What Is the Examination Under Oath?
This process provides the insurer the means to acquire information from involved parties, operating much as a deposition. A court reporter records the session, all testimony is given under oath, counsel for the insured attends, and a transcript is provided to both parties afterward. Unlike a deposition, the EUO has no legal limitation on how often this process can be conducted and the insured party must submit to the as many EUO sessions as the insuring party wishes to hold.
Submission to an EUO is required as a precedent in insurance coverage. Refusal to submit or making false claims may result in the insuring party refusing to pay the claim. You will also have to sign the transcript at the end of the session. Additionally, the insured party agrees to comply with an EUO as a requirement in filing the lawsuit in the first place. Finally, the Fifth Amendment cannot be used to avoid answering questions in the EUO.
When Do EUOs Take Place?
In most cases, an EUO is scheduled when the insuring agent discovers discrepancies in the investigation into the cause of the loss or the content of what was stolen, damaged, or destroyed. An insuring agent also uses the EUO when the agent suspects a fraudulent or embellished claim was filed.
Who Might Face an EUO?
The named parties under an insurance plan are the only individuals who can be called in to complete an EUO. Children or other family members covered under the same policy, but not named individually, cannot be required to submit to an EUO. However, the insuring party may interview each party named on the policy separately to avoid collusion or tampering with testimony and get to the answers they need faster.
What Might You Be Asked
The insuring party may ask you any questions considered material and relevant to the claim. The insuring party targets questions to determine liability and find anything that might protect the company from false claims.

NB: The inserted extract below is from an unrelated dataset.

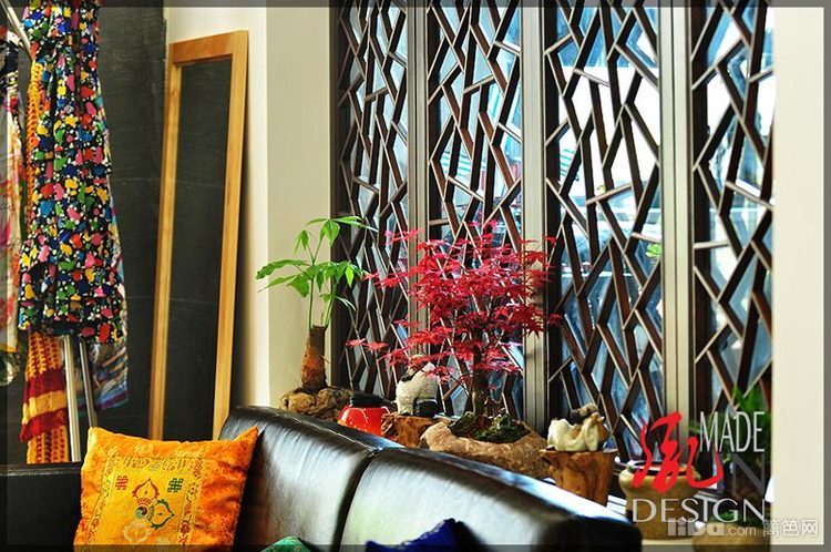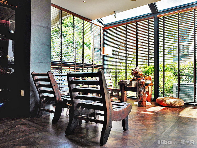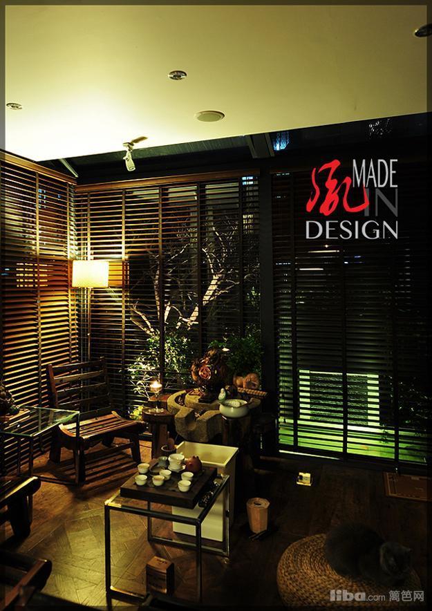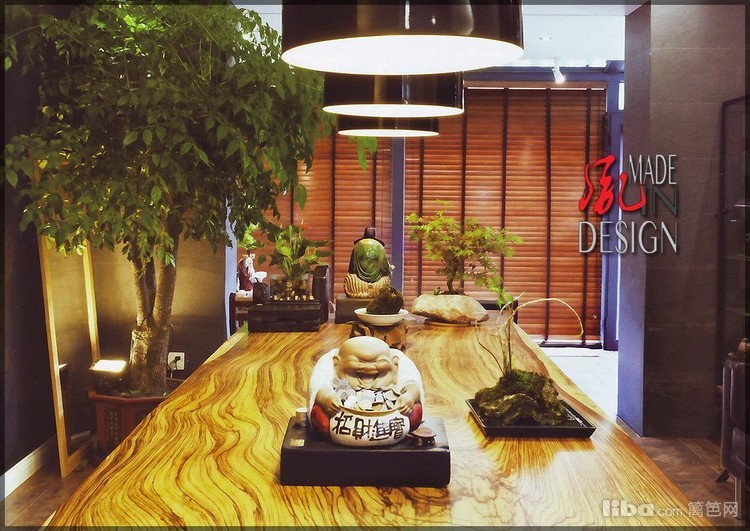 茶道与自然的接轨,无需封闭的空间,半遮半掩的竹帘恰到好处。收起竹帘,挪开玻璃移门后便是一汪绿水,喂喂鱼,养养花,生活情趣相得益彰,怡然自得。

The important thing for you to remember is that you will never be alone in this process. Your lawyer will be present always, acting in your best interests, giving you advice when needed, and providing general support for you. Remember, the answers must still be your own, which is why Denver personal injury attorneys at Jordan Law take the time to prepare our clients in advance, so they feel ready and able to answer all questions presented by the examining agent.